▶ Problem: Among the entries below, only the lines from the one with "A spacious outdoor" through the one with "Wieszak przyścienny, wykonany" are to be retyped, exactly and without pictures.

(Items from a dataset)
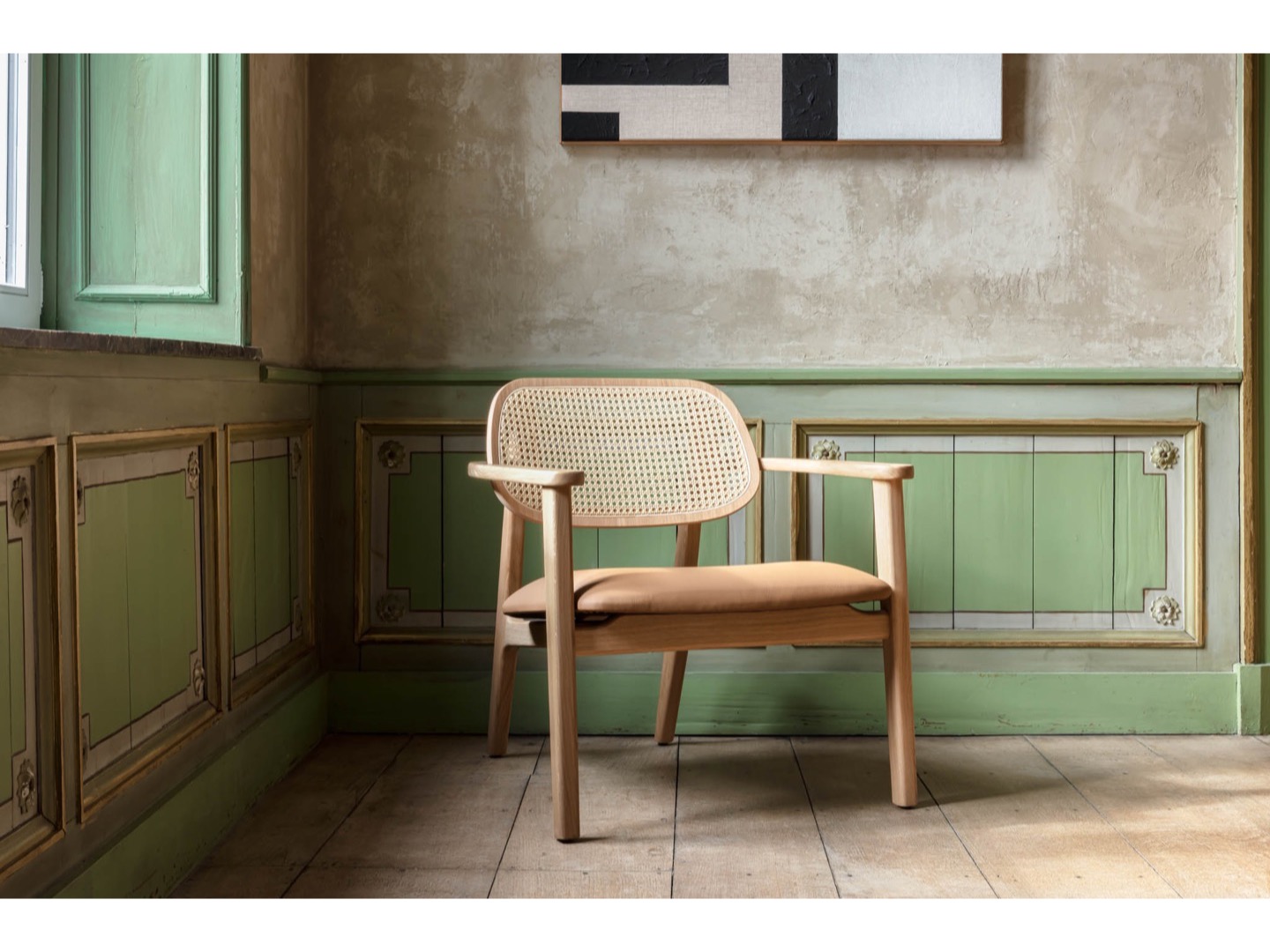 Fotel Titus ma głębokie, wygodne siedzisko i plecione oparcie z rattanu. Światło i powietrze mogą przepływać przez trzcinową powierzchnię, rzucając delikatny cień na pomieszczenie. Dostępne z ramą z czarnego dębu lub z ramą z naturalnego dębu.
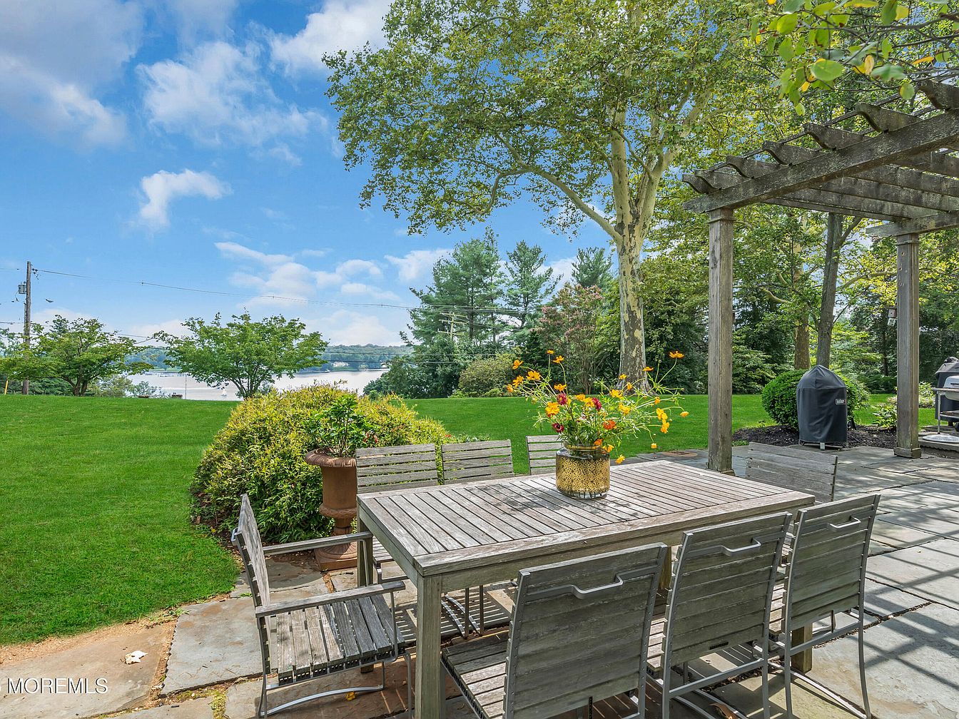 A spacious outdoor patio offering a serene view of a lush green yard and a shimmering water body in the distance. The space features a weathered wooden dining table surrounded by metal chairs, perfect for gatherings. A decorative vase filled with vibrant flowers adds a splash of color against the natural backdrop. Above, a rustic pergola provides a charming architectural detail, enhancing the outdoor atmosphere. The carefully maintained grass is interspersed with flowering shrubs, contributing to the inviting feel of the area. This patio seamlessly blends relaxation with natural beauty, ideal for enjoying warm evenings.
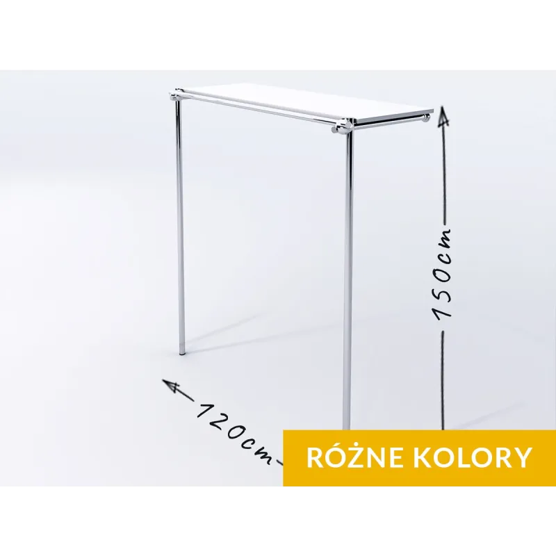 Wieszak przyścienny, wykonany z rury stalowej, chromowanej o średnicy 25mm, elementów łączących chromowanych, czarnych stopek z tworzywa i półki z płyty meblowej o gr. 18mm. W zestawie klucz imbusowy i instrukcja montażu. Wieszak przeznaczony do samodzielnego złożenia.
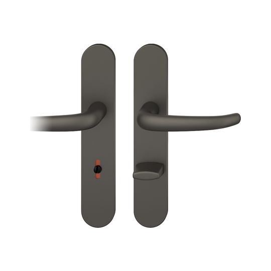 FSB Drückergarnitur 12 1023; Produkttyp: Drückergarnitur; Produkttyp (Hersteller): Drückergarnitur; Ausführung: Langschild; Befestigungsart: verdeckt verschraubt; Befestigungstechnik: mit Stütznocken; Form: oval; Vierkant: 8 mm; Material: Aluminium; Material Unterkonstruktion: Kunststoff-Edelstahl verstärkt; Form Türgriff (innen): gebogen; Form Türgriff (außen): gebogen; Breite Türgriff (innen): 15 mm; Breite Türgriff (außen): 15 mm; Länge Türgriff (innen): 135 mm; Länge Türgriff (außen): 135 mm; Höhe Türgriff (innen): 59 mm; Höhe Türgriff (außen): 59 mm; Schildbreite außen: 45 mm; Schildbreite innen: 45 mm; Schildlänge außen: 245 mm; Schildlänge innen: 245 mm; Schildstärke außen: 7 mm; Schildstärke innen: 7 mm; Lagerung: Adapter-Standardlager,festdrehbar; Einsatzbereich: Zimmertür; Türart: Vollblatt; Türwerkstoff: Holz,Stahl; Norm: DIN EN 1906; Lochung: WC Schauscheibe/Schlitzkopf; Entfernung: 78 mm; Riegel-Vierkant: 8 mm; DIN-Richtung: DIN Links-Rechts; Farbe: braun; Farbton: dunkelbronzefarbig; Oberfläche: gestrahlt,eloxiert; Ausführung Vierkant: Stabilstift; Betätigungswinkel max.: 45 °; Türstärke min.: 39 mm; Türstärke max.: 58 mm
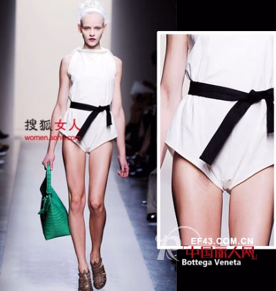 设计师Tomas Maier笔下的Bottega Veneta,衣饰轮廓永远的Clean & Simple,不落俗套。在这一季,还原服装面料本有的质感和颜色,以棉麻质地为主打,纯白和浅黄色贯穿始终。连身短裤的立体剪裁和倒三角形的设计是整身Look的亮点。腰间的黑色腰带加强了整个造型的立体感,让极简的风格更为强烈。
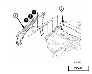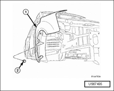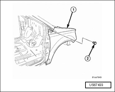 - Install the midpoint fender bolt (2) to the body and tighten to 12.5 Nm (9 ft lbs).
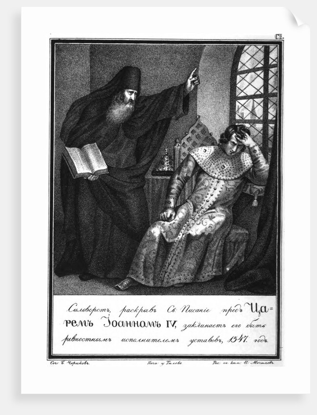 Protopope Silvester before Ivan the Terrible. 1547 (From Illustrated Karamzin), 1836. Found in the collection of Russian State Library, Moscow.
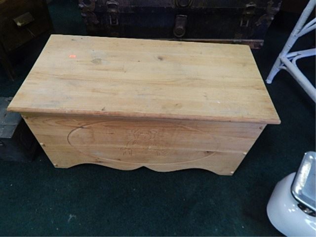 PINE WOOD CHEST - TEDY BEAR CARVING IN FRONT
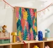 A vivid and dense pattern of tropical leaves and flowers in a full spectrum of colors creates an energetic, joyful, and immersive jungle experience.
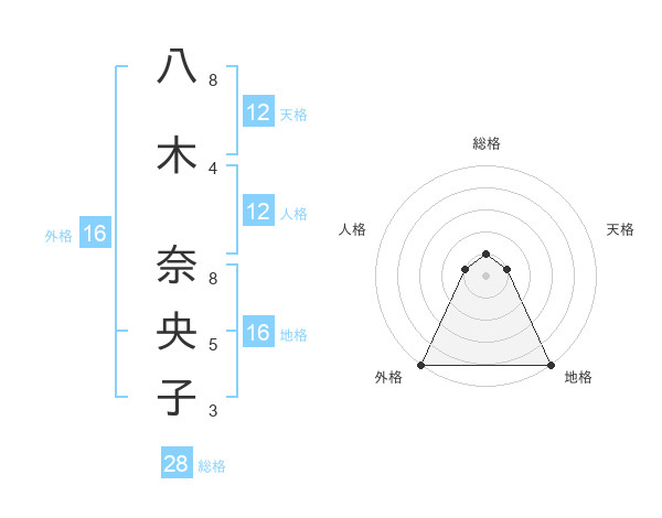 八木 奈央子さんを姓名の画数から五運を鑑定
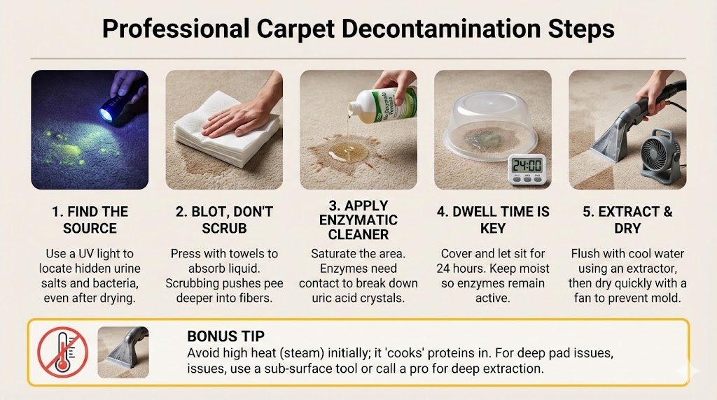 I asked a restoration expert when I should just throw the carpet away. He told me that if the urine has reached the subfloor and soaked into the plywood, no amount of surface cleaning will ever truly fix the smell. Sometimes, the most professional thing you can do is tear it out and seal the wood.
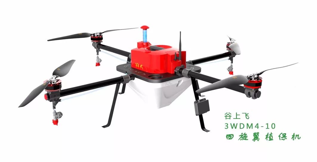 谷上飞3WDM4-10四旋翼植保机,其作业喷头置于旋翼的正下方,飞行中能产生强大下洗气流,可将药液喷洒到植物的根茎部,具有效果好、效率高、成本低、体积小、航时长等特点。
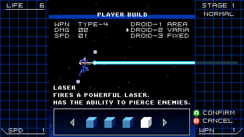 • 4 upgradable weapons from linear to wide shots.
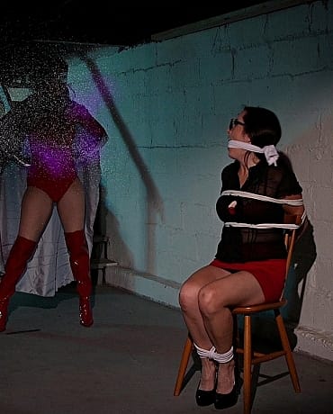 Supervillain Electrolux tricks superheroine Power Woman and traps her. Once she has her tied up, Electrolux explains her diabolical plan to zap all of Power Woman’s powers out of her so she can do all her crimes uninterrupted. But first they're going to fuck. When Electrolux is finally ready to execute her diabolical plan, an evil man foils her plans and both superhero and supervillain find themselves in a predicament.
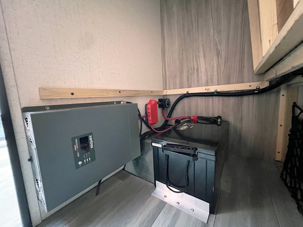 Dry mounted the inverter and battery in the rear storage compartment. With the help of my very knowledgeable coworker Brian, we sketched out a few scenarios and landed on this one.
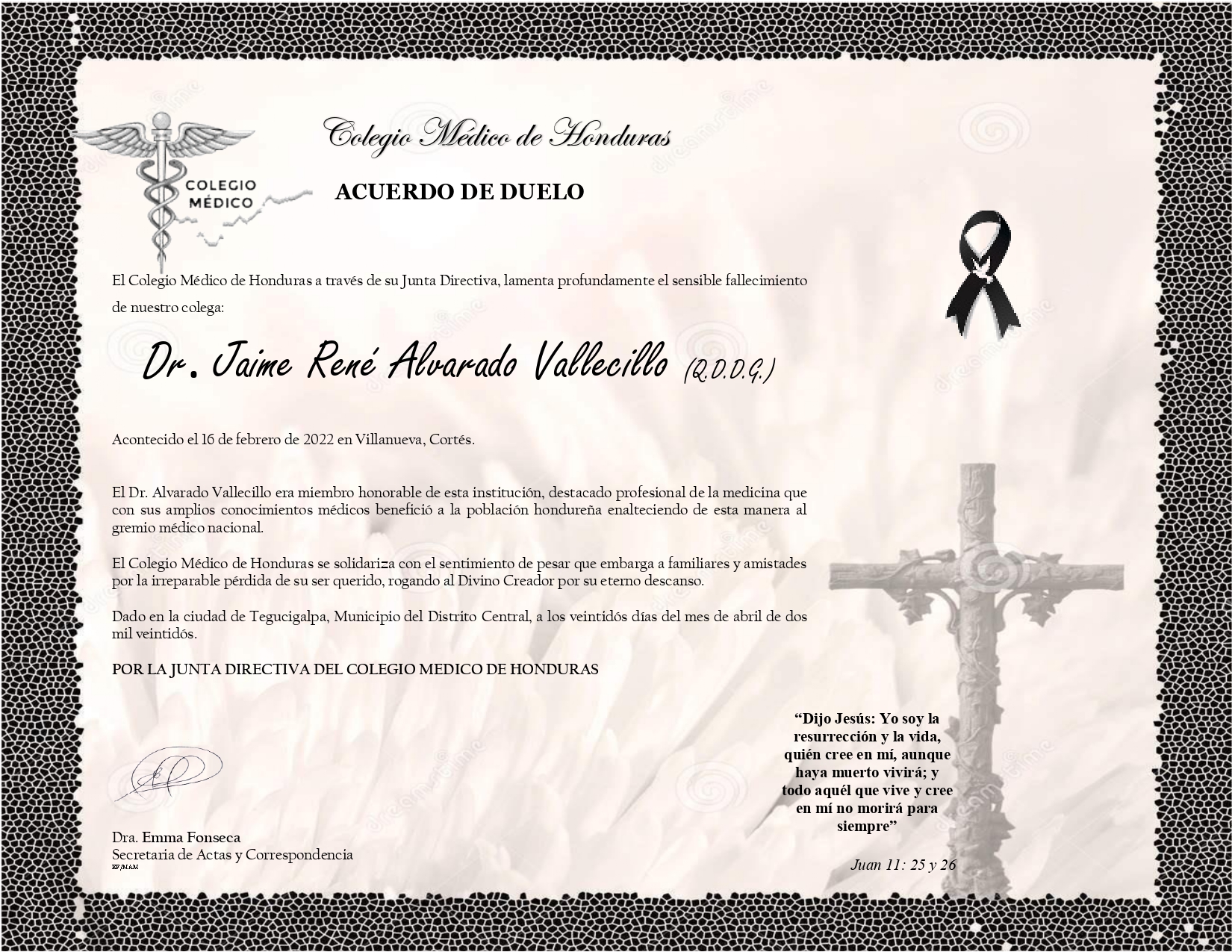 Obituario Dr. Jaime René Alvarado Vallecillo (Q.D.D.G.)
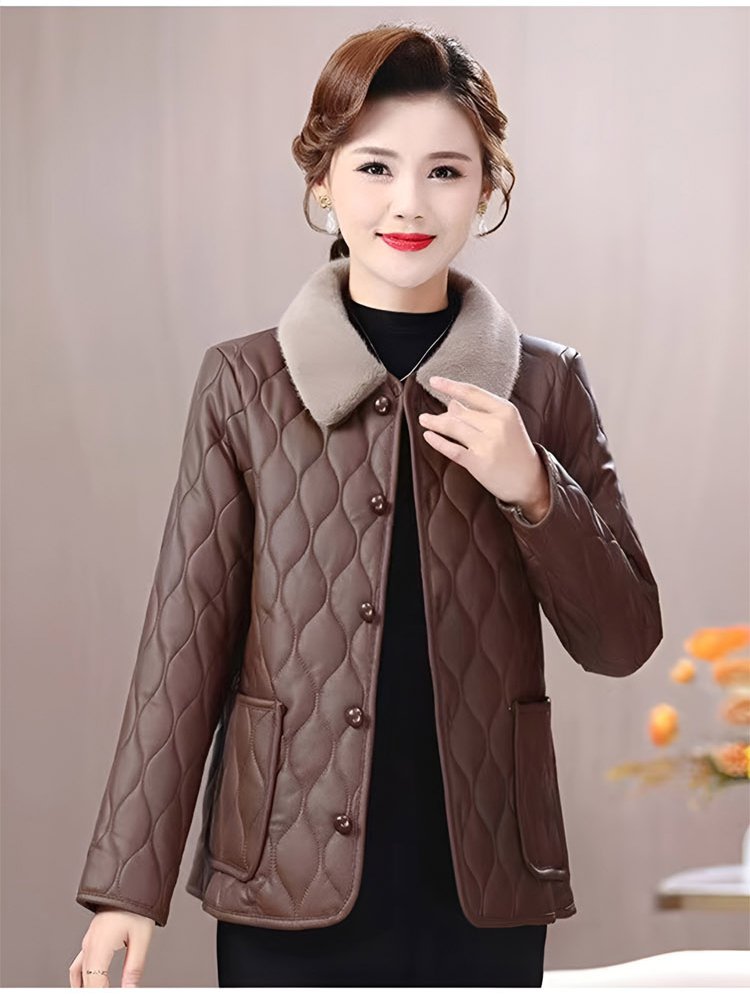 เสื้อดาวน์หนังแท้แฟชั่น บุขนด้านใน
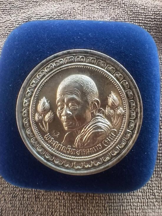 เหรียญรูปเหมือนดอกบัวข้าง เนื้อนวะ หลวงพ่อคูณ ปริสุทฺโธ วัดบ้านไร่ จ.นครราชสีมา จัดสร้างปี พ.ศ.2537 เลข ๖๖๓ ตลับเดิม |
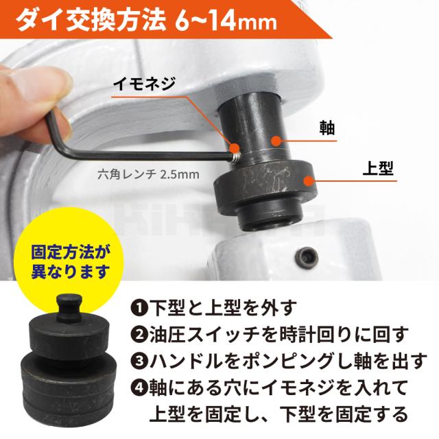 下穴不要!焼き入れ処理で耐久性あり! ●油圧式ホールパンチャー(SYD-32、SYD-35)専用の交換用パンチダイです ●穴あけサイズは6mm,8mm,10mm,12mm,14mm, 16mm,20mm,22mm,25mm,28mm,32mmの11種類 ●ダイの交換は、SYD-35に付属の六角レンチで、上型→下型の順に交換してください ●6〜14mmはイモネジ付(※SYD-35は六角レンチ2.5mmが別途必要です) ※本体は別売りです ※画像はイメージです ※サイズはカートに入れる際、選択してください *別売り本体はこちら 「直立型油圧式ホールパンチャー32mm(SYD-32)」 ※横型油圧式ホールパンチャー(SYD-35)は販売終了しました 品番:SYD-35-D |
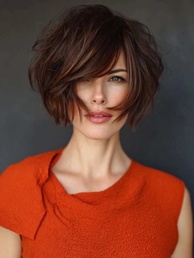 Long side bangs paired with a short bob create a diagonal frame across the face. This adds structure and softness.
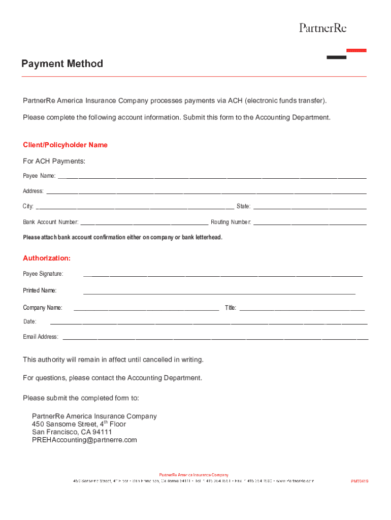 Parterre America Insurance Company processes payments via ACH (electronic funds transfer). Please complete the following account information. Submit this form to the Accounting Department. Client/Policyholder

▶ Solution:
 A spacious outdoor patio offering a serene view of a lush green yard and a shimmering water body in the distance. The space features a weathered wooden dining table surrounded by metal chairs, perfect for gatherings. A decorative vase filled with vibrant flowers adds a splash of color against the natural backdrop. Above, a rustic pergola provides a charming architectural detail, enhancing the outdoor atmosphere. The carefully maintained grass is interspersed with flowering shrubs, contributing to the inviting feel of the area. This patio seamlessly blends relaxation with natural beauty, ideal for enjoying warm evenings.
 Wieszak przyścienny, wykonany z rury stalowej, chromowanej o średnicy 25mm, elementów łączących chromowanych, czarnych stopek z tworzywa i półki z płyty meblowej o gr. 18mm. W zestawie klucz imbusowy i instrukcja montażu. Wieszak przeznaczony do samodzielnego złożenia.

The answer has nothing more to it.